Plantar Fasciitis:  Foot or Calf problem?

 

 

Many people, and even doctors, assume that plantar fasciitis is a foot problem because that is where the pain is, right?  WRONG ASSUMPTION!

 

We have two calf muscles that are involved in this condition.  They are the gastrocnemius (gastroc), which is the one you can visually see, and the soleus, which is deeper, underneath the gastroc.  The two calf muscles join together and form the Achilles tendon, the thick taut band at the back of the ankle.  That band wraps underneath the heel bone (calcaneus) and as it leaves the calcaneus bone it becomes the plantar fascia.  The plantar fascia is a thick band of fascia that connects your heel bone to your toes.

 

 





 

 

When the calf muscles get too tight for an extended amount of time, they start pulling on the Achilles tendon, which in turn pulls on the plantar fascia.
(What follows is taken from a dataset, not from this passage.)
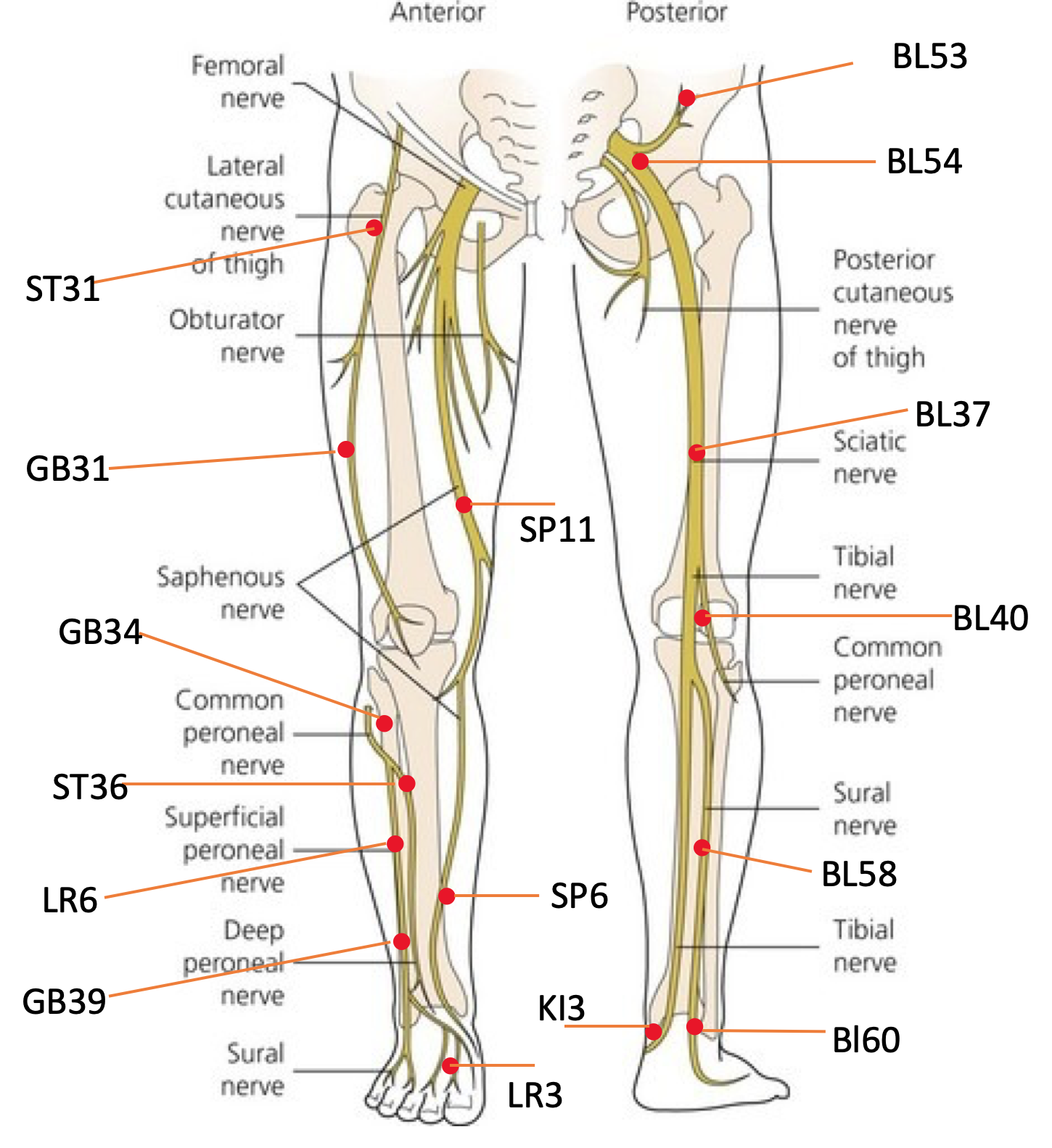 Tyypillisiä alaraajan akupunktiopisteitä, jotka asettuvat hermojen kulkureiteille.

The soleus is generally the culprit with plantar fasciitis.  With that constant pulling, the plantar fascia starts to tear away from the calcaneus bone resulting in pain.

 

Plantar Fasciitis symptoms: 

Stabbing pain on the bottom of the foot near the heel, especially the first few steps out of bed.  When you are sleeping at night your muscles are relaxed and the healing process begins.  Normally when we relaxed and sleeping, your toes are pointed slightly down.  When the plantar fascia begins to heel in this position, the first few steps out of bed re-tear that tissue which is why those steps are so painful.

 

Please do not ignore these warnings signs.  Letting this go can result in chronic heel pain and can take years to recover from.  One complication from plantar fasciitis is that a bone spur can develop in the plantar fascia near the attachment point of the heel.  The body is trying to heal that fascia and wants to support it and make it stronger and by laying down bone where bone is not supposed to be.  This results in a jagged, spur type structure that causes pain with walking.  It is possible to control your pain even with a spur, without surgical intervention.  The foot pain can cause you to limp and walk differently, which can cause knee, hip and back problems.

 

How do you treat this at home?

 

 

Freeze a water bottle and do ice massage on the bottom of the foot by rolling it.

 

Night splint- this device you can get online.  You would wear it at night and your foot is kept in a flexed position so the fascia can heal in its proper alignment.  Some people have found this helpful and some have not.  Depends on your body and how severe the tears are.

 

You can also make an appointment with your favorite massage/stretch therapist :)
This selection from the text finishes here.